MAS (Marker Assisted Selection) yaitu proses seleksi tidak langsung pada

sifat yang ingin diseleksi dan juga merupakan alat untuk menduga dan membantu

seleksi penotipe sifat yang menjadi target pemuliaan dengan menggunakan

penanda yang terkait dengan sifat tersebut (Elfianis, 2015).

Menurut Soller (1983) informasi tentang variasi genetik dapat dijadikan

dasar dalam seleksi hewan melalui teknik yang dikenal dengan Marker Assisted

Selection (MAS) atau seleksi berdasarkan penanda gen. Variasi genetik juga

dapat dijadikan dasar untuk konservasi jenis. Suatu jenis tertentu mungkin

dihasilkan dari suatu proses adaptasi terhadap keadaan lingkungan yang

mengarahkan pada terbentuknya kombinasi alel yang unik. Penggunaan Marker

Assisted Selection (MAS) didasarkan pada gagasan bahwa terdapat gen yang

memegang peranan utama dan menjadi sasaran atau target secara spesifik dalam

seleksi (Van der Warf, 2000).

Efisiensi dari MAS dalam peningkatan kualitas hewan produksi tergantung

pada beberapa faktor antara lain proporsi varian sifat tambahan yang disebabkan

oleh marka, dan ketepatan teknik seleksi. Namun demikian, Edwards dan Page

(1994) serta Lande dan Thompson (1990) menyatakan bahwa peningkatan sifat

genetik sampai 50% dapat dipastikan terjadi dengan teknik MAS. Peningkatan ini

terjadi karena lebih akuratnya teknik MAS dalam seleksi, dan pengurangan waktu

seleksi antar generasi karena gen dapat diidentifikasi sejak awal kelahiran atau

bahkan semasa masih dalam embrio. Pendekatan marka gen telah banyak

8

digunakan dengan baik untuk sifat-sifat seperti resistensi terhadap penyakit,

fertilitas dan reproduksi, dan produksi susu (Sutarno, 2006).

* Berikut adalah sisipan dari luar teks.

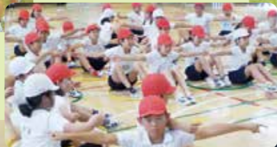
コーディネーション トレーニング

Major Histocompatibility Complex (MHC)

Major Histocompatibility Complex (MHC) adalah sekumpulan gen yang

ditemukan pada semua jenis vertebrata. Protein MHC yang disandikan berperan

dalam mengikat dan mempresentasikan antigen peptida ke sel T. Molekul

permukaan sel yang bertanggung jawab terhadap rejeksi transplan dinamakan

molekul histokompatibilitas, dan gen yang mengkodenya disebut gen

histokompatibilitas. Nama ini kemudian disebut dengan histokompatibilitas mayor

karena ternyata MHC bukan satu-satunya penentu rejeksi karena terdapat pula

molekul lain yaitu molekul histokompitibilitas minor yang walaupun lebih lemah

juga ikut menentukan rejeksi. Pada saat ini telah diketahui bahwa molekul MHC

merupakan titik sentral inisiasi respons imun (Anonim, 2012).

Major Histocompatibility Complex (MHC) merupakan kelompok lokus

yang terdiri atas kumpulan gen penting (major) yang mengendalikan respon imun.

Respon imun terutama disebabkan oleh adanya aksi limfosit yang dihasilkan

dalam sel sumsum tulang. Aksi limfosit dalam sistem kekebalan dipacu oleh

adanya antigen. Peranan MHC dalam sistem kekebalan seluler diawali dari

masuknya antigen ke dalam tubuh melalui proses up take oleh makrofag yang

kemudian memicu limfosit T untuk mematikan sel yang terinfeksi. Sementara itu,

dalam sistem kekebalan humoral, MHC berperan dalam membantu pembentukan

antibodi oleh limfosit B (Tizard, 2000).

9

MHC atau antigen histokompatibilitas utama adalah antigen yang terdapat

pada sel limfosit yang bersifat lebih imunogenik dibandingkan antigen lainnya.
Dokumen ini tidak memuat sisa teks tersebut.